Task instructions » Give back exactly the lines starting at the one with "2025新款秋冬季中长款遮屁股宽松慵懒风外穿半高领薄毛衣打底衫女" and ending at the last line of the data below. Pictures are not part of the copy.

BEGIN Dataset

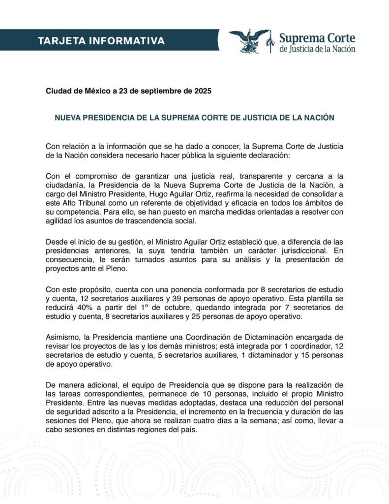 El ministro presidente de la Suprema Corte de Justicia de la Nación (SCJN), Hugo Aguilar Ortiz, confirmó que reducirá el personal adscrito a la Presidencia del máximo tribunal, pasando de 104 a 84 trabajadores a partir del 1 de octubre luego de recibir críticas por el gran número de asesores con los que cuenta. Mediante un comunicado oficial, la Corte detalló que la medida forma parte de las acciones para consolidar al organismo como “un referente de objetividad y eficacia” y responde al carácter jurisdiccional que Aguilar Ortiz ha establecido para su gestión, a diferencia de administraciones anteriores.
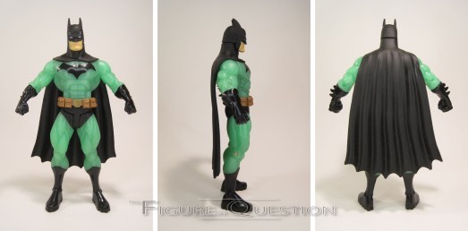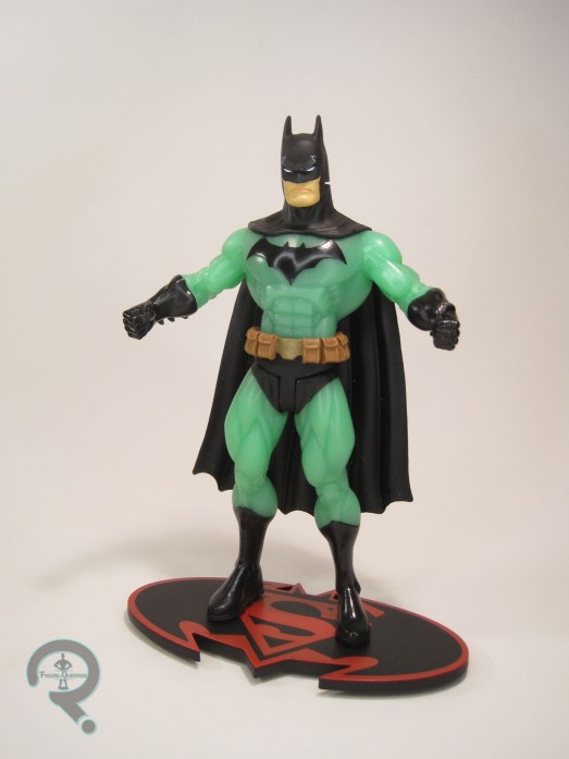 Kryptonite Batman was released in Series 4 of DC Direct’s Superman/Batman, which was a whole assortment based on “With A Vengeance.”  This was the main Batman-variant of the assortment, because you gotta have at least one.  The figure stands 6 1/4 inches tall and he has 11 points of articulation.  None of these style of figures were particularly amazing when it came to mobility, but the Batman figures were actually some of the worst, because his armoire permanently stuck out.  Seriously, dude looked like Randy from A Christmas Story.  This figure’s sculpt was actually a complete re-use from the basic Batman released in Series 1 of this same line.  Since he was just a palette swap in the comics, it’s not an unreasonable choice.  Like the two JLA: Classified Supermen I looked at a while back, this guy’s based on Ed McGuinness’s rather distinctive style.  In fact, he actually uses the same basic starting point as those two figures, albeit with a variety of more Batman-specific items.  Despite the difficulties with posability, the actual sculpt isn’t half bad, and does a pretty solid job of capturing McGuinness’s Batman in three dimensions.  Paint is the main thing that differentiates this figure from the Series 1 offering, but even on that front, he’s not that different.  He’s got most of the same basic detailing, but with glow in the dark green plastic instead of the grey for his body suit.  It certainly makes for a unique look.  The figure is packed only with a display stand, sporting the Superman/Batman logo.
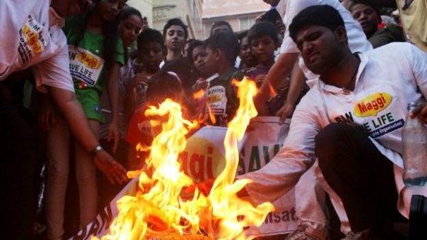 nchini India zilikokuwa zikiuzwa.Kulikuwa na aina tisa ya ''Maggi Noodles'', bidhaa iliyotokea kushabikiwa na walaji wengi hivyo kununuliwa kwa wingi.Bidhaa hiyo inashikilia asilimia 80% ya soko la tambi nchini humo.
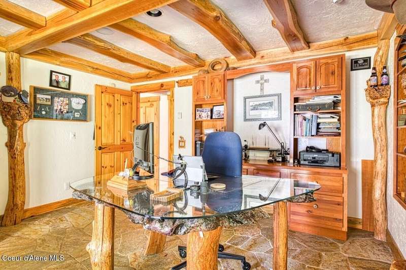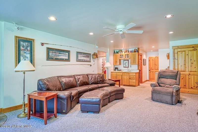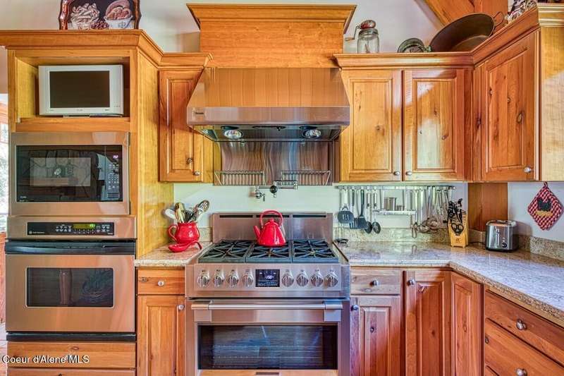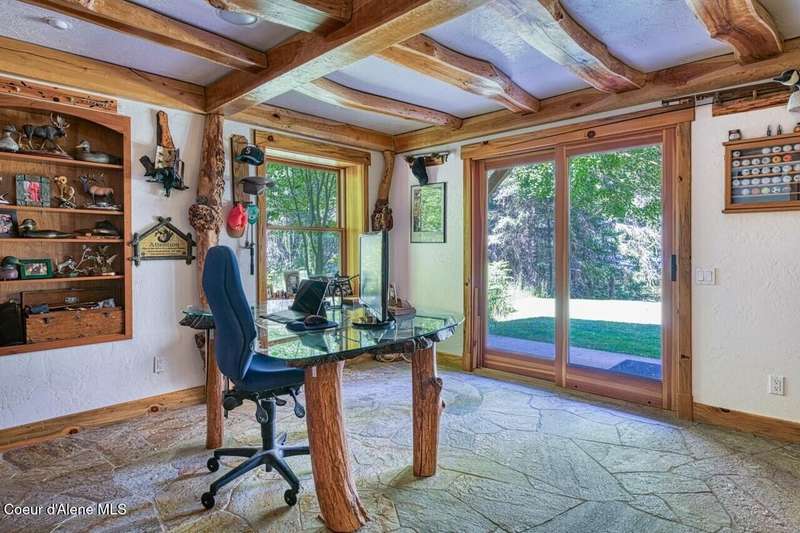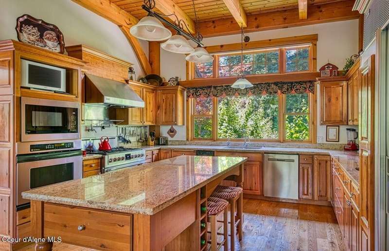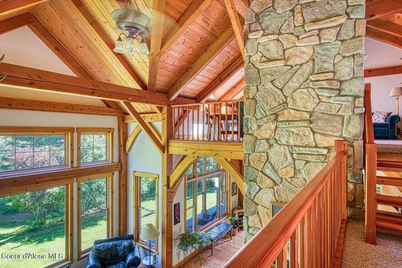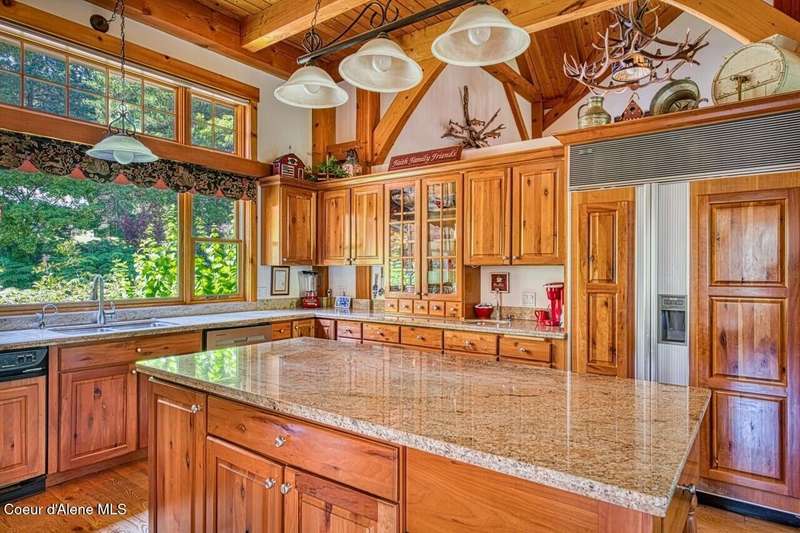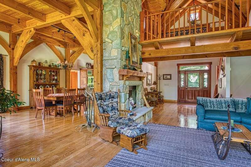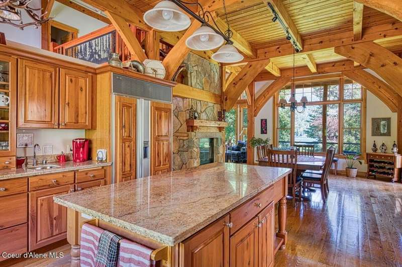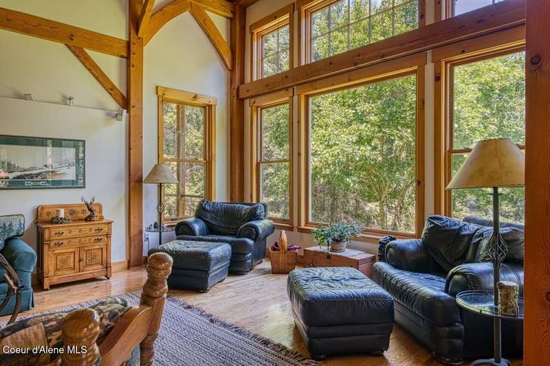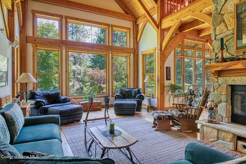 Resting on the peaceful waters of the Clark Fork River with its own dock, this one-owner true timber frame home offers exceptional craftsmanship, privacy, and modern convenience in a stunning natural setting. Constructed with durable SIP panels, the home features ''Idaho Gold'' real stone flooring, rich hardwood oak floors, and warm knotted cherry wood accents throughout. The open-concept interior is wired for surround sound and showcases a soaring great room with exposed beams, includes a see-through, wood-burning fireplace plumbed for propane, and expansive windows that frame big mountain views and the forested surroundings. The gourmet kitchen is fully equipped with a Sub-Zero refrigerator, cherry cabinetry, granite countertops, a vegetable sink, pot filler, and a garbage compactor. On the main level, the spacious primary suite has its own porch access and includes a tile shower, jacuzzi tub, and dual sinks. Above the impressive great room, resides a full guest suite with full bathroom, second living room and bunk room, perfect for kids and grandkids alike. Welcome even more guests and family with the bonus bedroom above the garage, offering its own full bath, and baseboard heating. Potential for a mother-in-law suite with plumbing for a future kitchen already in place. Downstairs, the fully finished walkout basement includes a den, with cozy propane stove, built in half kitchen with small sink, fridge and washer/dryer combo unit. Downstairs patio wired and plumbed for a hot tub. Additional features include an on-demand water heater, central vacuum system, two septic tanks, a whole-house generator (also powering the well), and ample storage including a custom pantry and "secret" wine cellar. The fully insulated and heated drive-through shop accommodates a 48' RV and features a three-quarter bath, laundry hooks ups, office with wall heater, RV hookup, commercial-grade racking and upstairs storage. With the public boat launch just one parcel away, 38 miles of navigable pristine waters are at your door step. Bass, walleye, pike, perch, bluegill and trout abound! A short drive to charming Trout Creek, with restaurants, grocery store, hardware and more. Comfortable driving distance from Glacier, Yellowstone, Quake Lake, Swinging Bridge in Kootenai Falls, Flathead Lake, shopping in Whitefish, skiing in Sandpoint. This is a rare opportunity to own a truly custom, high-quality Montana retreat built for comfort, utility, and timeless beauty.
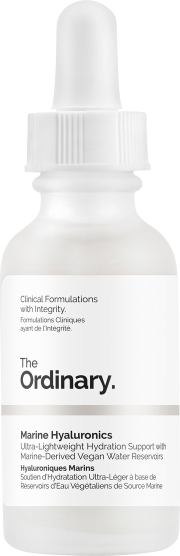 Quench your skin with The Ordinary Marine Hyaluronics, an ultra-lightweight, vegan serum suitable for all skin types that moisturises and protects your complexion. The Ordinary uses only sustainably sourced Marine Hyaluronic for this hydrating formula. Just as effective as hyaluronic acid but much lighter in feel and texture, Marine hyaluronic acid creates water reservoirs that attract and hold water on the surface of the skin, providing dehydrated complexions with optimal hydration. Marine Hyaluronics serum combines sustainably-sourced derivatives such as exopolysaccharides from skin-friendly marine bacteria, which increases the synthesis of collagen and skin elasticity. Hawaiian red algae and micro-filtered blue-green algae (some of nature's most potent antioxidants) detoxify the skin, while glycoproteins from Antarctic Marine Sources strengthen skin. With 23% active ingredients, including a whole host of amino acids, which all work together to support and condition the skin, keeping your complexion smooth, supple and healthy. Why We Love It The Ordinary Marine Hyaluronics serum is exceptionally light and is almost the same consistency as water, which means that it's instantly absorbed into the skin. We love how smooth and refreshed skin feels after using this, and that skin looks visibly plumper and as well as smooth. Easy to use too, with a built-in pipette so that you always apply just the right amount. How To Use It Use the pipette to apply a few drops to your face, and then massage the serum into the skin. Use this daily-use serum in your morning and evening skincare routine before applying your creams. Works Well With For even more moisturising formulas explore the full The Ordinary's Hydrators and Oils range. Values Vegan, pH 4.00 - 5.00. paraben-free, sulphate-free, fragrance-free, alcohol-free, oil-free, silicone-free, nut-free, gluten-free, cruelty-free.
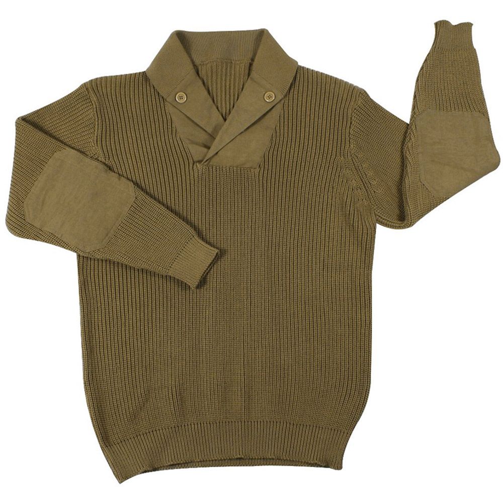 Mens WWII Vintage Mechanics Sweater Features The Styles Of A Vintage World War II Mechanics Sweater With Twill Elbow Patches and Button Placket With Added Button Details; Ribbed Cuffs, Collar And Waist. The Vintage Sweater Is 100% Knit Cotton and Washable.
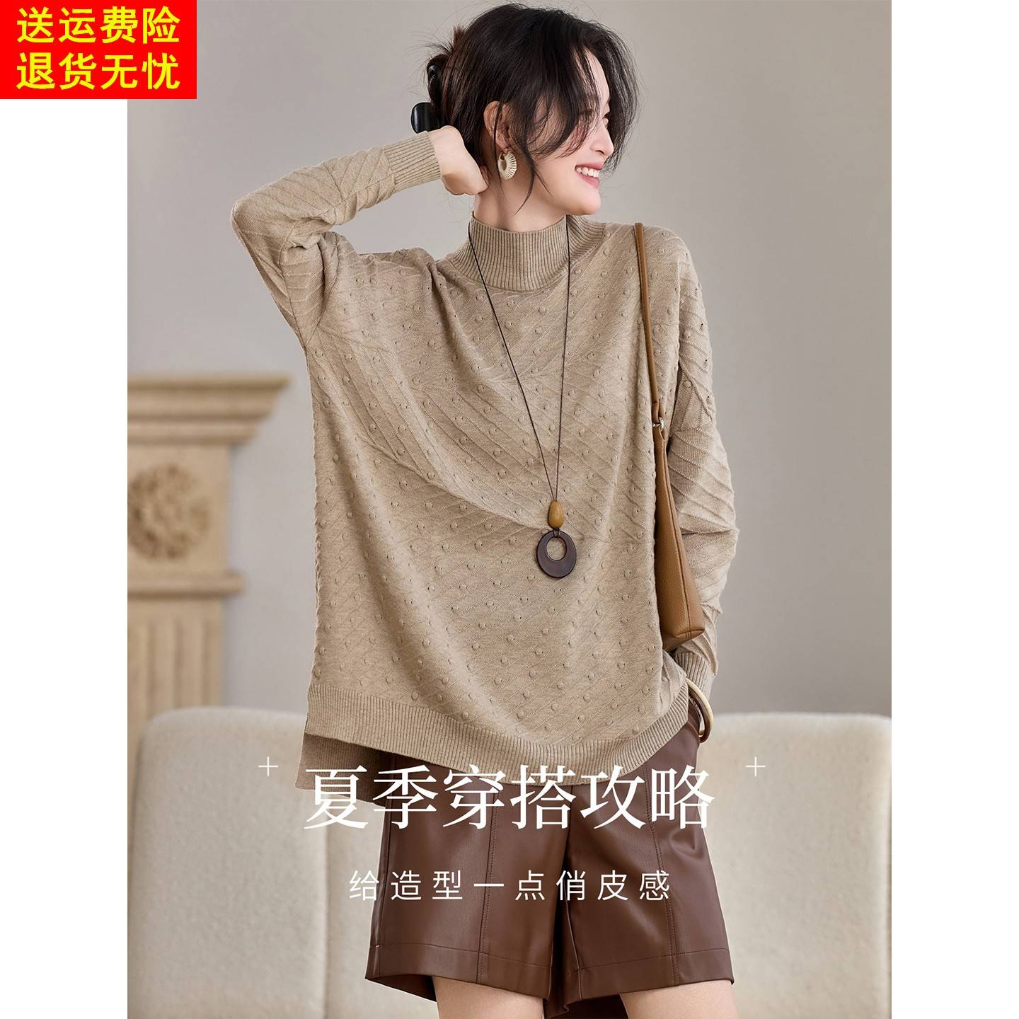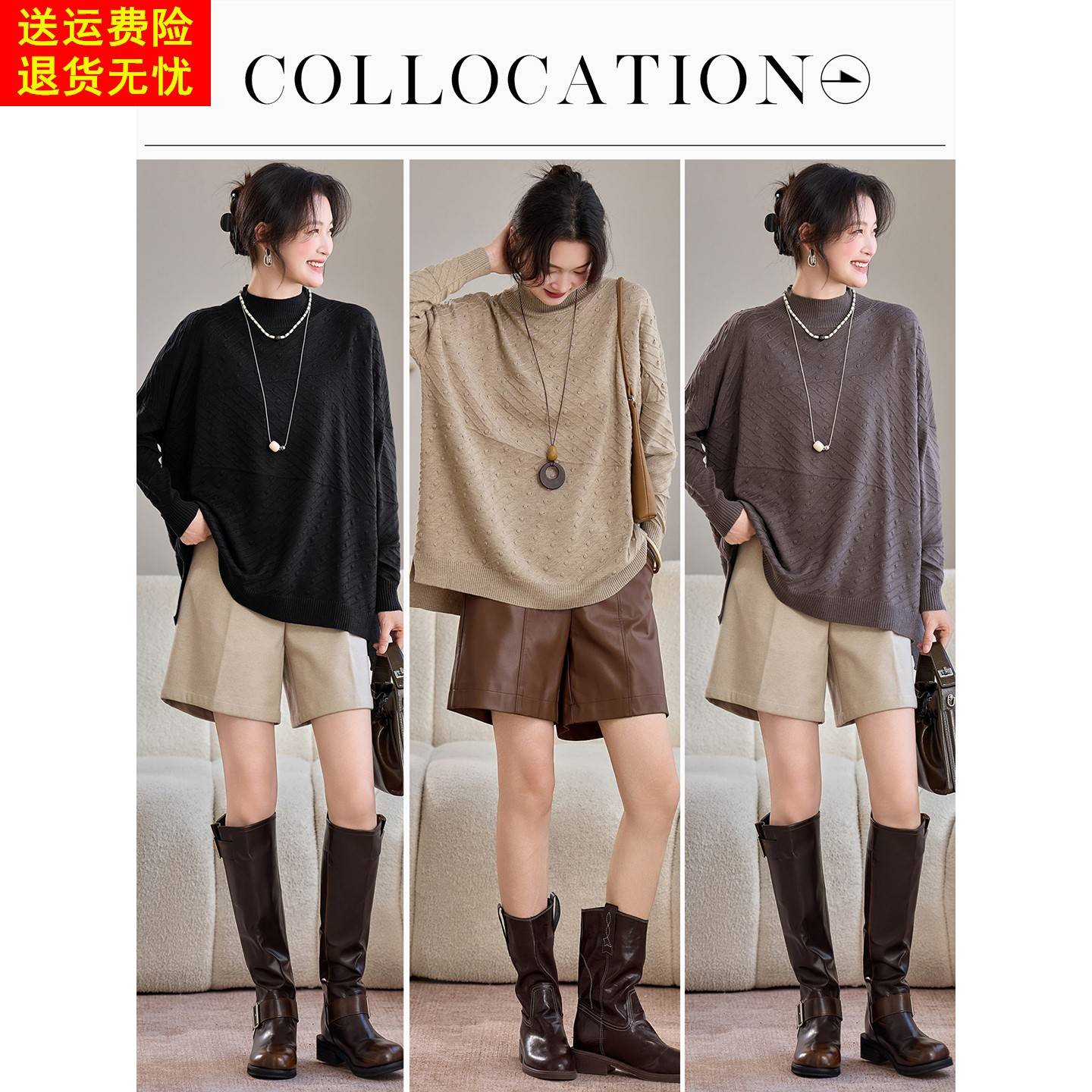 2025新款秋冬季中长款遮屁股宽松慵懒风外穿半高领薄毛衣打底衫女
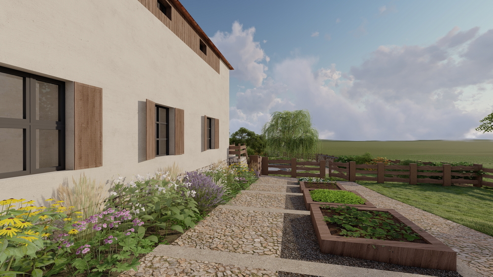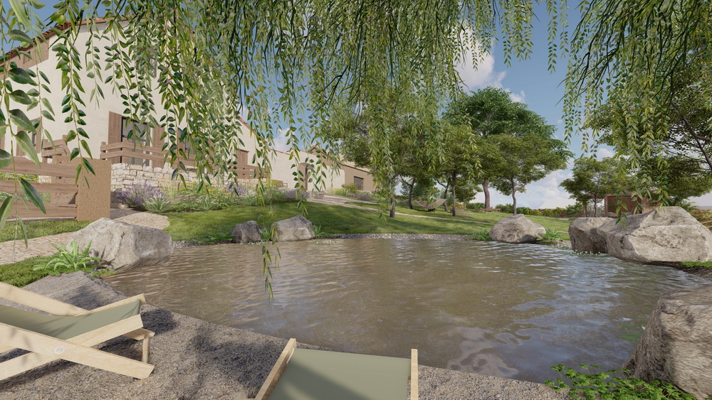 Velký důraz se klade také na venkovní část a využití areálu. Počítá se s přírodním koupalištěm o ploše zhruba 250 m², rozlehlou zahradou vhodnou pro společné chvíle i menší akce a dalším zázemím pro pohodový pobyt. Díky prostoru a konceptu se Statek U Hrušků hodí nejen pro běžné ubytování, ale také pro svatby, rodinné oslavy, setkání přátel nebo menší firemní akce – vždy v duchu klidu, soukromí a kvality, nikoliv masového provozu.
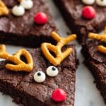 - Add Pretzel Antlers: Spread a small amount of melted chocolate on the bottoms of two pretzel twists, then press them onto the top corners of the brownie slice to create the antlers.

END Dataset

Response for this exercise »
 2025新款秋冬季中长款遮屁股宽松慵懒风外穿半高领薄毛衣打底衫女
 Velký důraz se klade také na venkovní část a využití areálu. Počítá se s přírodním koupalištěm o ploše zhruba 250 m², rozlehlou zahradou vhodnou pro společné chvíle i menší akce a dalším zázemím pro pohodový pobyt. Díky prostoru a konceptu se Statek U Hrušků hodí nejen pro běžné ubytování, ale také pro svatby, rodinné oslavy, setkání přátel nebo menší firemní akce – vždy v duchu klidu, soukromí a kvality, nikoliv masového provozu.
 - Add Pretzel Antlers: Spread a small amount of melted chocolate on the bottoms of two pretzel twists, then press them onto the top corners of the brownie slice to create the antlers.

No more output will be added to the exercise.